おいしくて省エネになるだけでなく、普段作るよりも短時間で作れるとは一石三鳥くらいの価値がありますね。今回はサラダ油を使いましたが、ごま油を使ってもいいそうです。この「オイルコーティング」の技はほかの料理でも活用できます。
【材料】
春キャベツ 1/2個
アサリ 12粒(200g)
たけのこ(水煮) 100g
鶏ガラスープ(有塩) 200g
サラダ油 少々
【調理工程】
1.春キャベツは食べやすい大きさに手でちぎる。ボウルにサラダ油少々を回しかけてから軽く混ぜ、オイルコーティングする。
2.たけのこは薄切りにする。
3.フライパンに鶏ガラスープ、アサリ、たけのこを入れて加熱する。沸騰したらキャベツを加えてフタをし、蒸し炒めにする。
4.1〜2分経ったら(蒸気が上がったら)フタを外し、軽く混ぜる。
「中華丼」は野菜の大きさとオイルコーティングが決め手
先ほどの野菜炒めと同様、中華丼を作る際もオイルコーティングを活用します。さらに、野菜の切り方を工夫することで、均一に火が入るので加熱時間を短縮できるそうです。
野菜に火が通りやすいように切ることで加熱ムラが防げるうえに、どの順番で野菜を入れるかなどを考える必要もありません。通常、中華丼を作るには5〜7分炒めて、その後2〜5分煮込むのですが、この方法なら手際のいい人は5分もあれば完成するでしょう。
【材料】
チンゲン菜 40g
白菜 80g
ピーマン 1/2個
グリーンアスパラ 1本
パプリカ(赤) 1/6個
しいたけ 1個
ヤングコーン 1本
豚コマ切れ 80g
むきエビ 2尾
うずらの卵 2個
生姜薄切り 1枚
サラダ油 大さじ2
ごま油 大さじ1
鶏ガラスープ(有塩) 150cc
ごはん 適量
<調味料>
オイスターソース 大さじ1
醤油 大さじ1/2
酢 大さじ1/2
砂糖 大さじ1/2
水溶き片栗粉(1:1) 大さじ1/2
【調理工程】
1.野菜(生姜以外)はひと口大に切る。生姜は1cm角に切る。
2.野菜(生姜以外)をボウルに入れ、サラダ油を回しかけてオイルコーティングする。
3.フライパンにごま油を入れ、豚肉と生姜を加えて炒める。鶏ガラスープを加えて、沸騰したら、2の野菜、むきエビ、うずらを加え入れ、フタをして約1分間加熱する。

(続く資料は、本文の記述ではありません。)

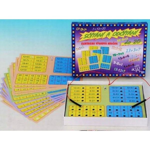 Sčítání a odčítání do 20 - je elektrická výuková hračka určená dětem od 6 let. Obsahuje 320 příkladů na sčítání a odčítání do 20 na 16 výměnných listech.

4.3のフタを外し、調味料を加えて軽く炒める。仕上げに水溶き片栗粉を加えてとろみをつけ、ごはんの上に盛る。
ちなみに、今回紹介した料理を盛り付けるのに使った器は、省エネ窯で焼かれた長崎県の波佐見焼なのだそう。こんな器作りにも省エネが導入されているというのがユニークですね。
私達が日常生活を送るのに欠かせないところから省エネを意識すれば、エネルギーを効率よくスマートに使えるようになるかもしれません。まずは自分だけの省エネレシピを考えてみましょう!